━━━━━ Supplied records
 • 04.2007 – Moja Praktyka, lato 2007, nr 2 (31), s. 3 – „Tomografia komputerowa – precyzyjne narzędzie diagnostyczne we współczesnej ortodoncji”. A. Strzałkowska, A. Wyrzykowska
━━━━━━━━━━
━━━━━ Supplied records
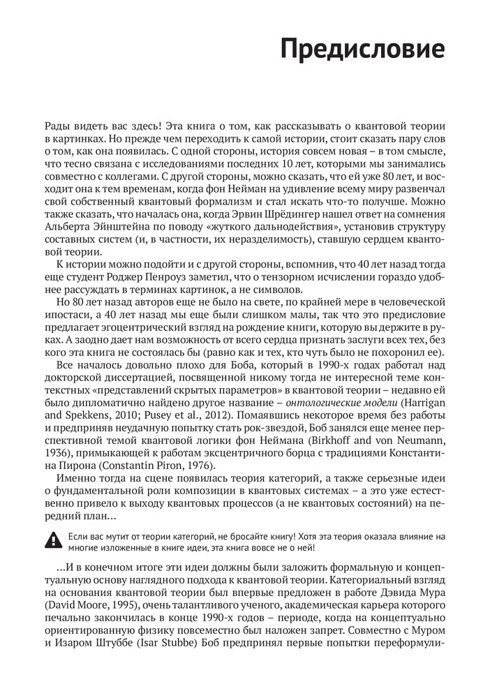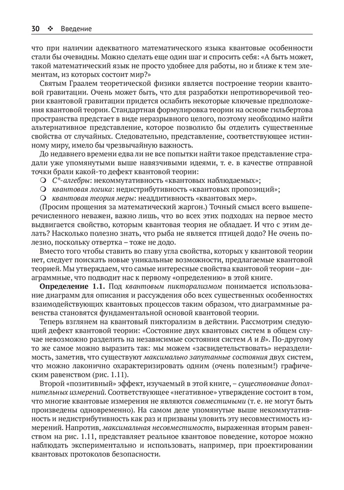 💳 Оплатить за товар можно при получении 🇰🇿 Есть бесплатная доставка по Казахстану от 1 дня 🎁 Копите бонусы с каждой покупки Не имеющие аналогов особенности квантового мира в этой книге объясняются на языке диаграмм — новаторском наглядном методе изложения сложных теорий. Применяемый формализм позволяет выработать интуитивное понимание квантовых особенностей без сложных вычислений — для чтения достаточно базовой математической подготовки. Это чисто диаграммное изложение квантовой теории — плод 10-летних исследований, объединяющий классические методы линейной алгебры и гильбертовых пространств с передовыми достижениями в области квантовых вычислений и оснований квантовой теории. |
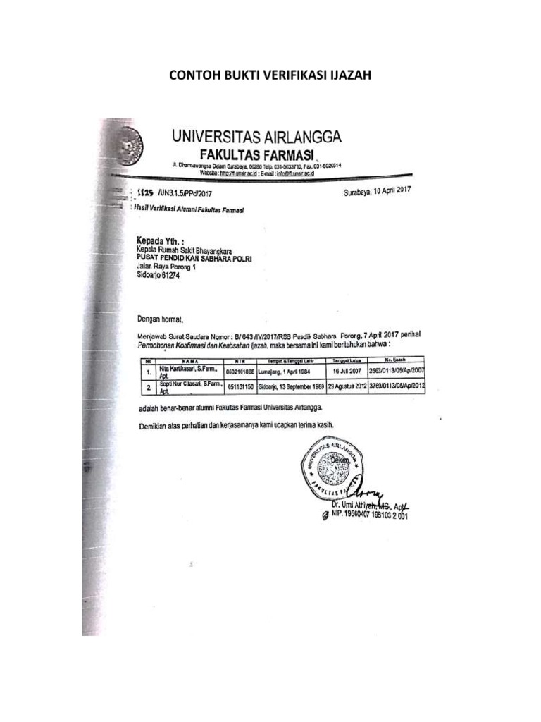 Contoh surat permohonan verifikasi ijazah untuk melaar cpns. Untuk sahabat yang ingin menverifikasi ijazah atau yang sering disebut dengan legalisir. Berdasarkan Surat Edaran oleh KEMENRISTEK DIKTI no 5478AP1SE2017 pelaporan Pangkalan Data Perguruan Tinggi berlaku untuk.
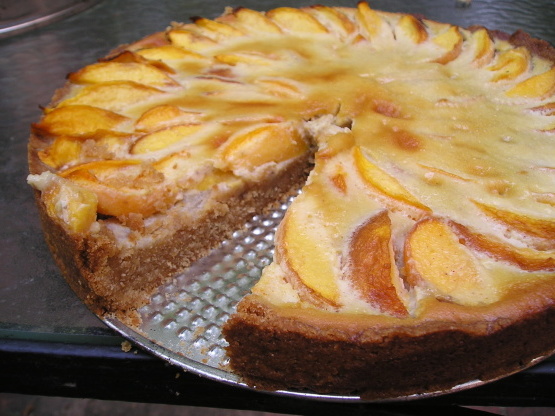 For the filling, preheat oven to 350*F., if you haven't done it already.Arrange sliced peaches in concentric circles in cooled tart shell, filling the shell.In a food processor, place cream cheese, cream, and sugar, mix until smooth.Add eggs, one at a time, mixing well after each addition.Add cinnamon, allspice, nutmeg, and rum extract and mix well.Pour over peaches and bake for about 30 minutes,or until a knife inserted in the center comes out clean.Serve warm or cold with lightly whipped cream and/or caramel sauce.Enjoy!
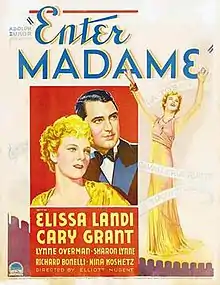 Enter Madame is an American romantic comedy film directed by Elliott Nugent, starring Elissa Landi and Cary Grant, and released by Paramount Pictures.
━━━━━━━━━━
━━━━━ Supplied records
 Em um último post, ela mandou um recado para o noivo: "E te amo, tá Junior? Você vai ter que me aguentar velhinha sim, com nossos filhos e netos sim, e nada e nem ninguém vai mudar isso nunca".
━━━━━━━━━━
=== Activity ===
Your answer must be the exact lines from the records above, from the one containing "Contoh surat permohonan" through the one containing "Enter Madame is", both included, with every picture left out.

=== Output ===
 Contoh surat permohonan verifikasi ijazah untuk melaar cpns. Untuk sahabat yang ingin menverifikasi ijazah atau yang sering disebut dengan legalisir. Berdasarkan Surat Edaran oleh KEMENRISTEK DIKTI no 5478AP1SE2017 pelaporan Pangkalan Data Perguruan Tinggi berlaku untuk.
 For the filling, preheat oven to 350*F., if you haven't done it already.Arrange sliced peaches in concentric circles in cooled tart shell, filling the shell.In a food processor, place cream cheese, cream, and sugar, mix until smooth.Add eggs, one at a time, mixing well after each addition.Add cinnamon, allspice, nutmeg, and rum extract and mix well.Pour over peaches and bake for about 30 minutes,or until a knife inserted in the center comes out clean.Serve warm or cold with lightly whipped cream and/or caramel sauce.Enjoy!
 Enter Madame is an American romantic comedy film directed by Elliott Nugent, starring Elissa Landi and Cary Grant, and released by Paramount Pictures.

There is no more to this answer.